## Data records
------------------------------------

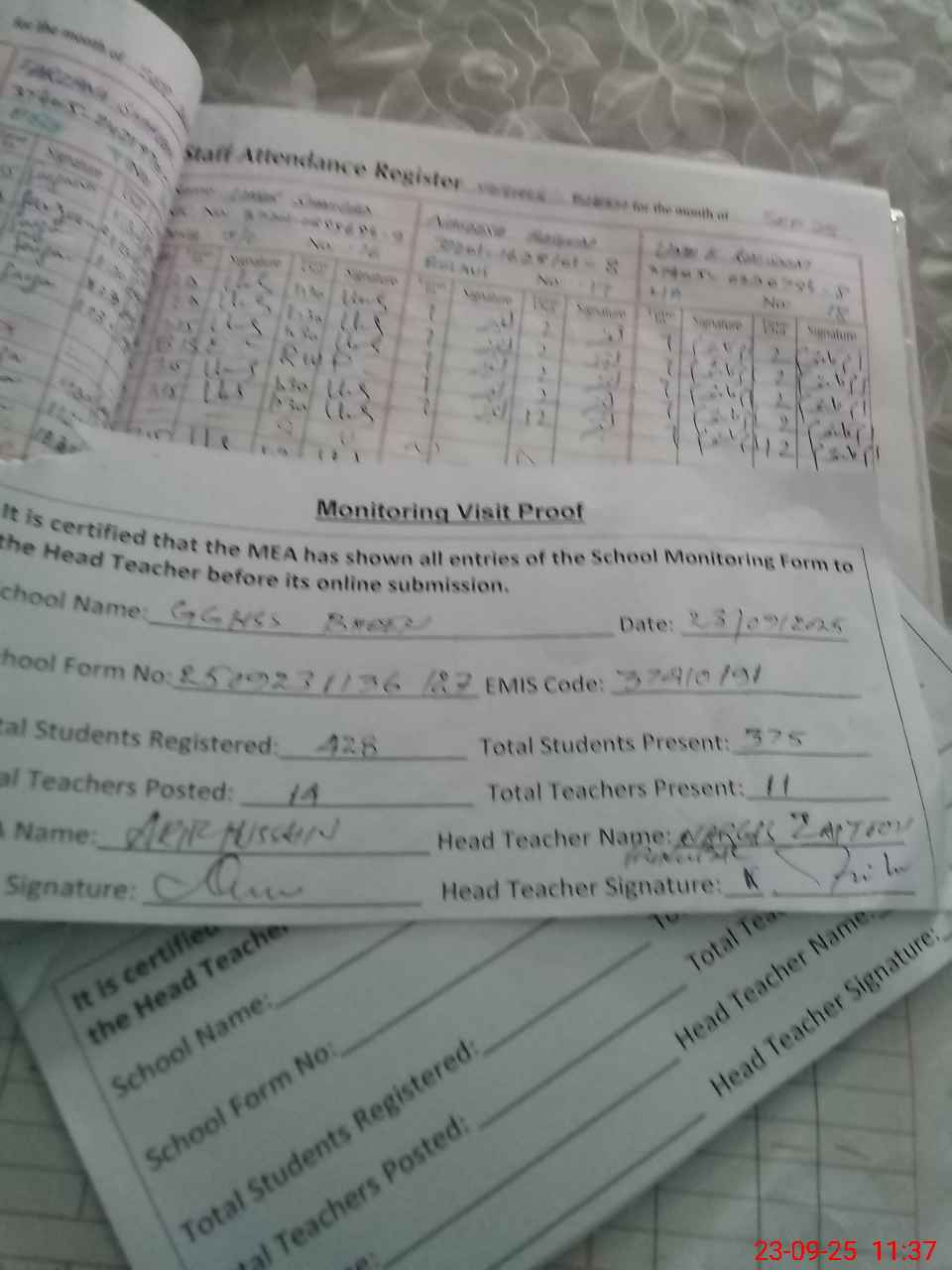 | Attendance Register | Head Teacher | MEA with School | Visit Proof |
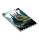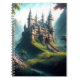 This is a notebook of a beautiful, imaginative, classic fairy tale castle in a lush, green meadow with pink flowers. It was made using Leonardo.ai.
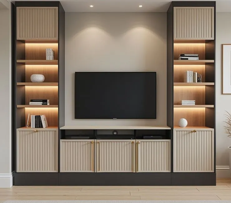 Элегантная мебельная композиция в современном стиле с акцентом на вертикальную рифлёную фрезеровку фасадов и контраст между мягким бежевым и глубоким графитом. Открытые полки с тёплой подсветкой создают атмосферу уюта и подойдут как для хранения книг, так и для декора. Фасады украшены аккуратными латунными ручками, придающими композиции нотки изысканности.
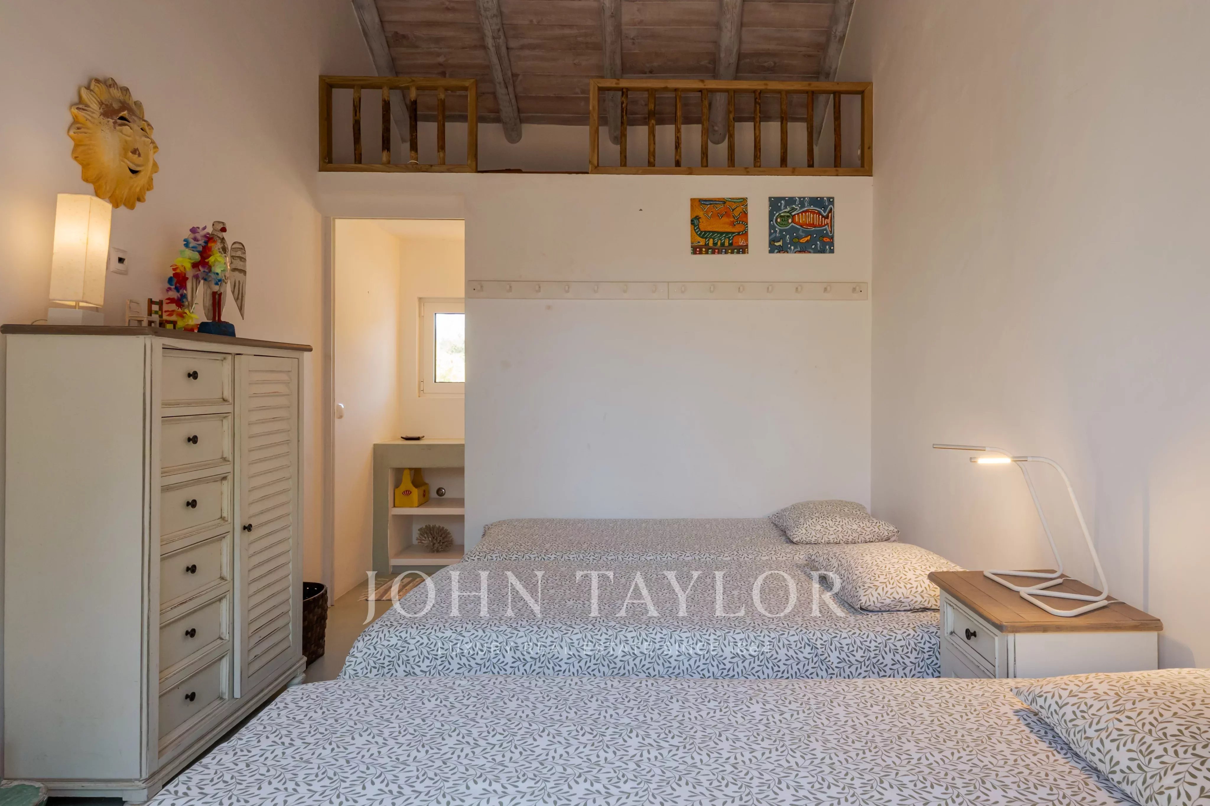 Un troisième volume comprend une suite supplémentaire avec kitchenette et accès à une terrasse privée sur le toit, offrant un cadre privilégié pour profiter de la tranquillité du paysage et des coucher de soleil emblématiques de la région.
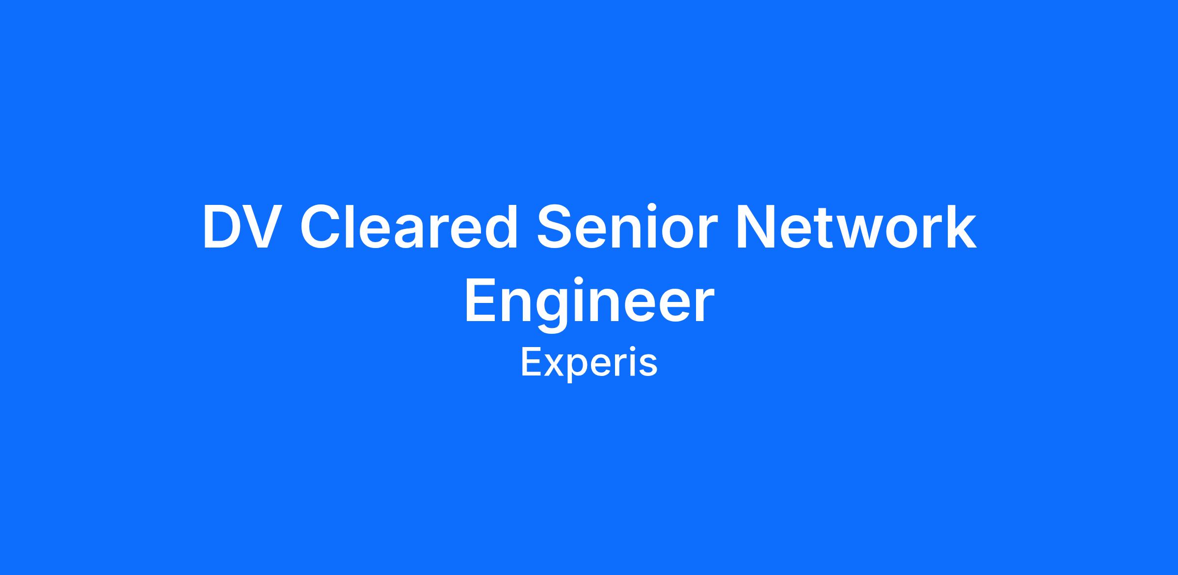 Job Title: DV Cleared Senior Network Engineer
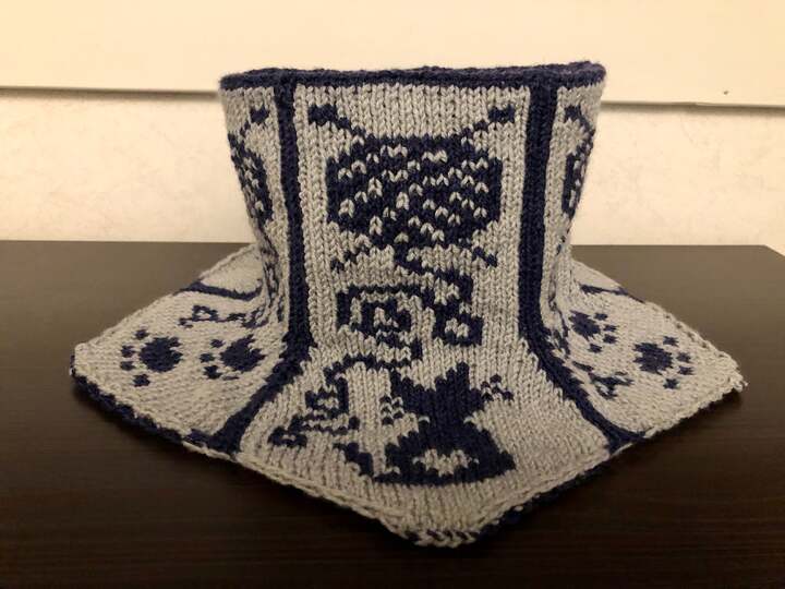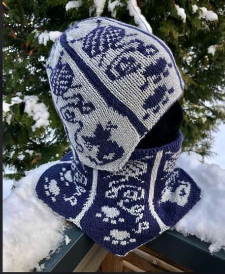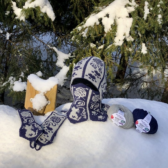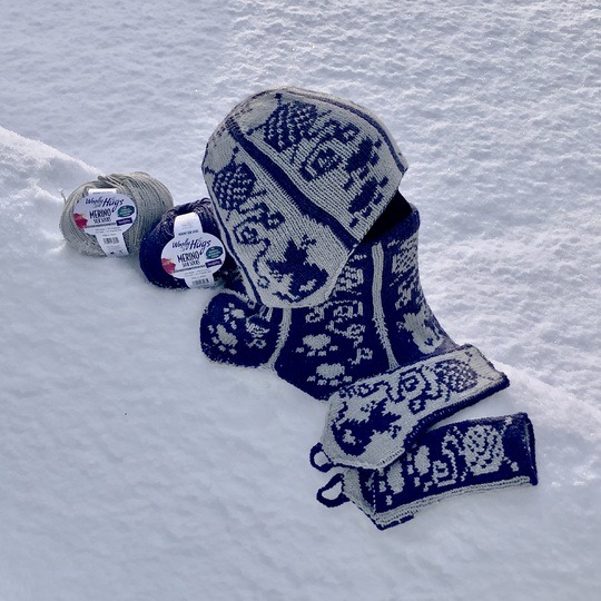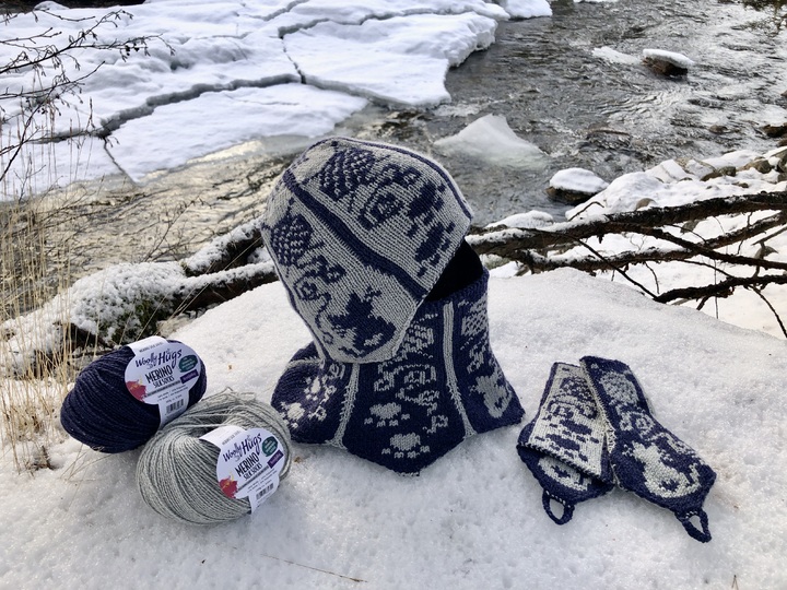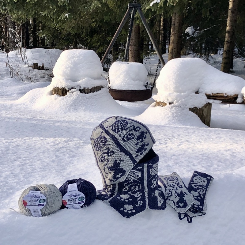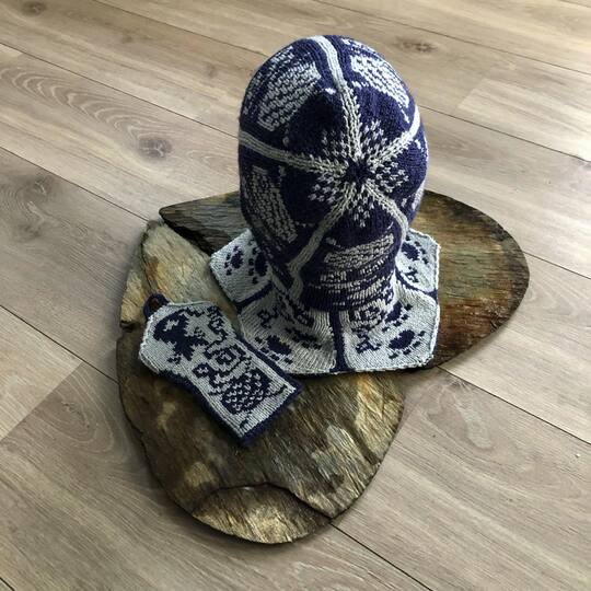 Das wunderschöne Set besteht aus einem Loop, einer Mütze und passenden Pulswärmern.
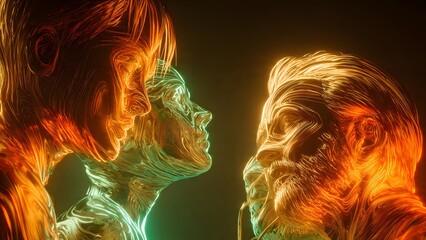 Three glowing abstract human profiles, rendered in vibrant neon wireframes, symbolizing artificial intelligence, technological connection and shared digital identity against a dark futuristic.
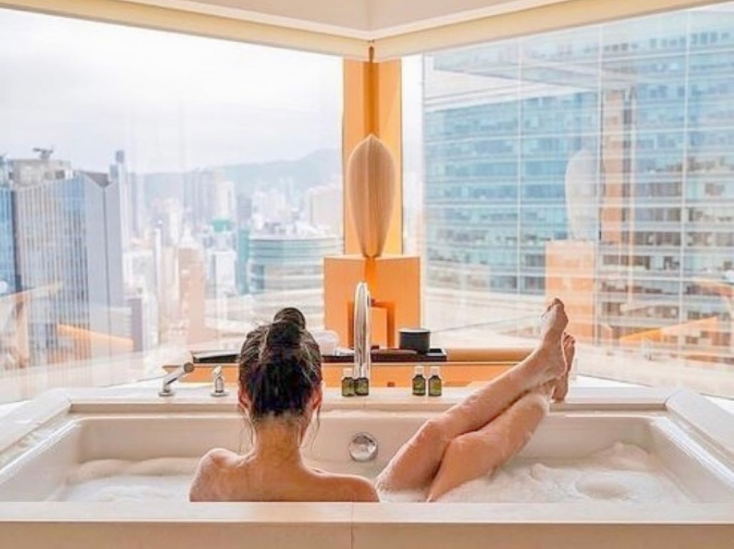 浴室的玻璃窗隔音很好,令整個浴室都十分寧靜,完全聽不到窗外的車輛噪音;而對面酒店的落地玻璃窗都十分寧靜,看似完全沒有人在裡面的!
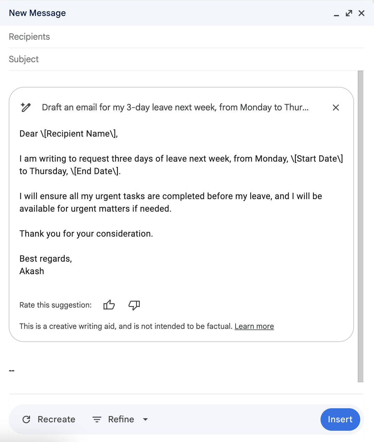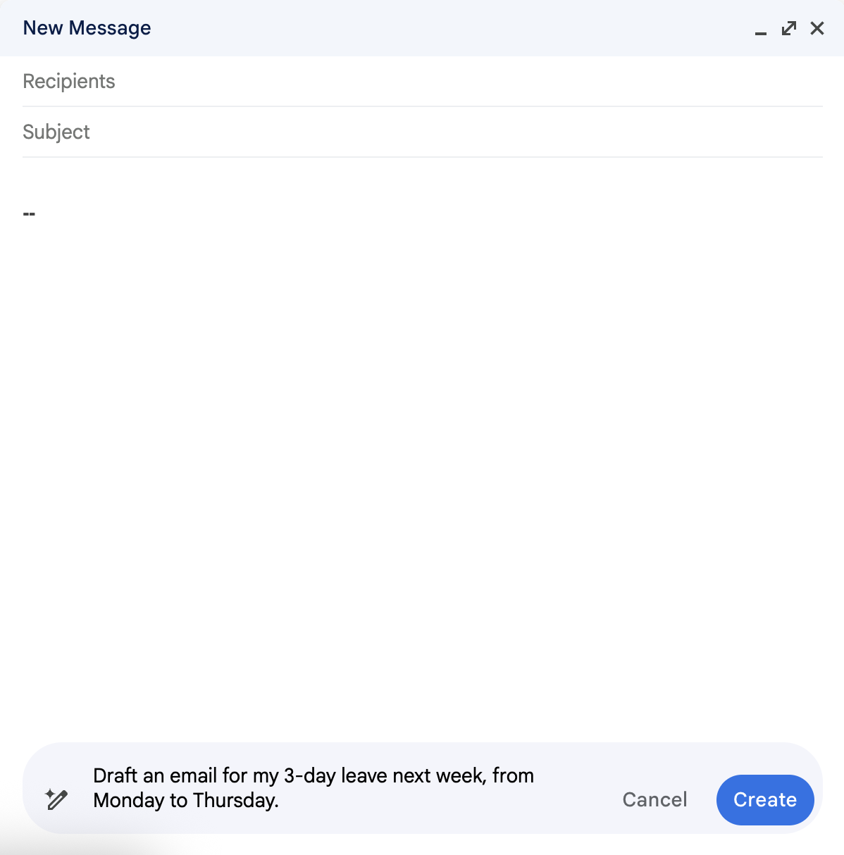 You no longer need to draft an entire email yourself—simply write a prompt like: "Draft an email for my 3-day leave next week, from Monday to Thursday." (The prompt doesn’t even need to be grammatically correct!)
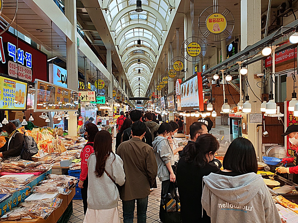 들에게 먹거리 명소로 인기가 높은 전통 시장입니다 속초 중앙 시장이라는 이름으로 시작하여
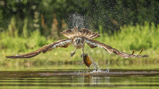魚鷹快速俯沖而下,掠過水面,鷹爪隨即從水中成功抓起一條魚兒,濺起水花,整個過程精彩詮釋快準狠。
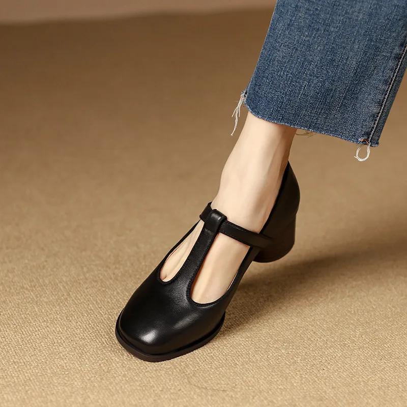 Step into elegance with our Vintage T-Strap Leather Heels Mary Jane Pumps. These stunning shoes combine classic retro style with modern comfort, making them the perfect addition to any woman’s wardrobe. Crafted from high-quality genuine leather and designed to enhance your natural beauty, these pumps are ideal for both casual outings and professional settings.
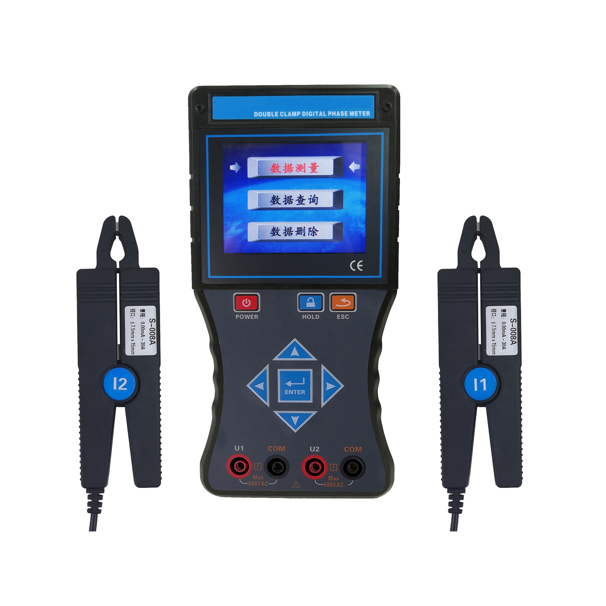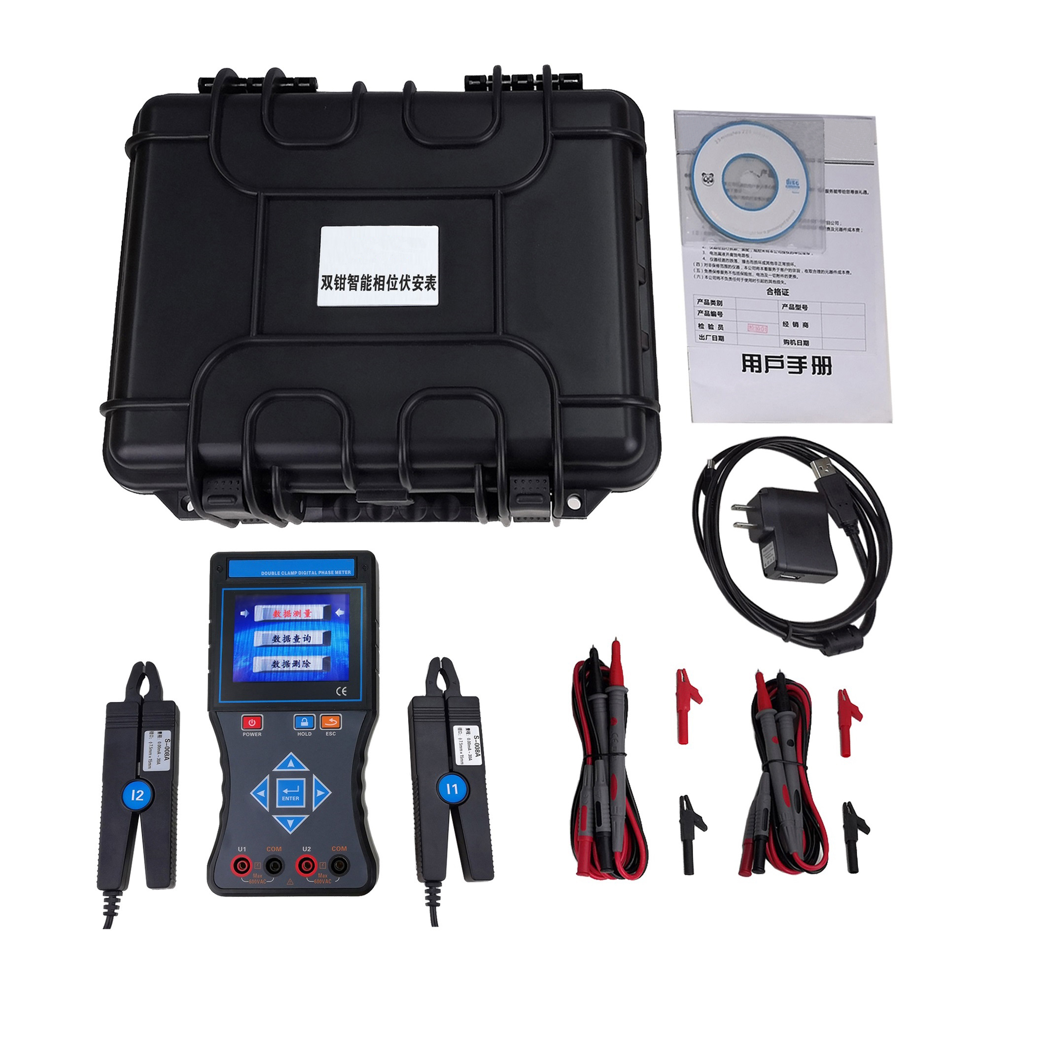 CA6220B 雙鉗智能相位伏安表是一款專為現(xiàn)場測試的多功能智能儀表,由主機(jī)、電流鉗(2把)、測試線(4條)等組成。主機(jī)采用3.5寸真彩液晶屏,圖形菜單界面顯示,所測參數(shù)同屏顯示,一目了然。電流鉗一體化手柄設(shè)計(jì),便于操作,非常適用于排線密集的場所。儀表可以在被測回路不開路的情況下,同時(shí)測量兩路交流電壓、電流、電壓間相位、電流間相位、電壓電流間相位、頻率、有功功率、無功功率、視在功率、功率因數(shù),相量圖顯示;判別變壓器接線組別、感性、容性電路,測試二次回路和母差保護(hù)系統(tǒng),讀出差動(dòng)保護(hù)各組CT之間的相位關(guān)系,檢

------------------------------------

## Task objective
The entries must be written out again unchanged. Images are to be left out.

## Answer to this task
 | Attendance Register | Head Teacher | MEA with School | Visit Proof |
 This is a notebook of a beautiful, imaginative, classic fairy tale castle in a lush, green meadow with pink flowers. It was made using Leonardo.ai.
 Элегантная мебельная композиция в современном стиле с акцентом на вертикальную рифлёную фрезеровку фасадов и контраст между мягким бежевым и глубоким графитом. Открытые полки с тёплой подсветкой создают атмосферу уюта и подойдут как для хранения книг, так и для декора. Фасады украшены аккуратными латунными ручками, придающими композиции нотки изысканности.
 Un troisième volume comprend une suite supplémentaire avec kitchenette et accès à une terrasse privée sur le toit, offrant un cadre privilégié pour profiter de la tranquillité du paysage et des coucher de soleil emblématiques de la région.
 Job Title: DV Cleared Senior Network Engineer
 Das wunderschöne Set besteht aus einem Loop, einer Mütze und passenden Pulswärmern.
 Three glowing abstract human profiles, rendered in vibrant neon wireframes, symbolizing artificial intelligence, technological connection and shared digital identity against a dark futuristic.
 浴室的玻璃窗隔音很好,令整個浴室都十分寧靜,完全聽不到窗外的車輛噪音;而對面酒店的落地玻璃窗都十分寧靜,看似完全沒有人在裡面的!
 You no longer need to draft an entire email yourself—simply write a prompt like: "Draft an email for my 3-day leave next week, from Monday to Thursday." (The prompt doesn’t even need to be grammatically correct!)
 들에게 먹거리 명소로 인기가 높은 전통 시장입니다 속초 중앙 시장이라는 이름으로 시작하여
魚鷹快速俯沖而下,掠過水面,鷹爪隨即從水中成功抓起一條魚兒,濺起水花,整個過程精彩詮釋快準狠。
 Step into elegance with our Vintage T-Strap Leather Heels Mary Jane Pumps. These stunning shoes combine classic retro style with modern comfort, making them the perfect addition to any woman’s wardrobe. Crafted from high-quality genuine leather and designed to enhance your natural beauty, these pumps are ideal for both casual outings and professional settings.
 CA6220B 雙鉗智能相位伏安表是一款專為現(xiàn)場測試的多功能智能儀表,由主機(jī)、電流鉗(2把)、測試線(4條)等組成。主機(jī)采用3.5寸真彩液晶屏,圖形菜單界面顯示,所測參數(shù)同屏顯示,一目了然。電流鉗一體化手柄設(shè)計(jì),便于操作,非常適用于排線密集的場所。儀表可以在被測回路不開路的情況下,同時(shí)測量兩路交流電壓、電流、電壓間相位、電流間相位、電壓電流間相位、頻率、有功功率、無功功率、視在功率、功率因數(shù),相量圖顯示;判別變壓器接線組別、感性、容性電路,測試二次回路和母差保護(hù)系統(tǒng),讀出差動(dòng)保護(hù)各組CT之間的相位關(guān)系,檢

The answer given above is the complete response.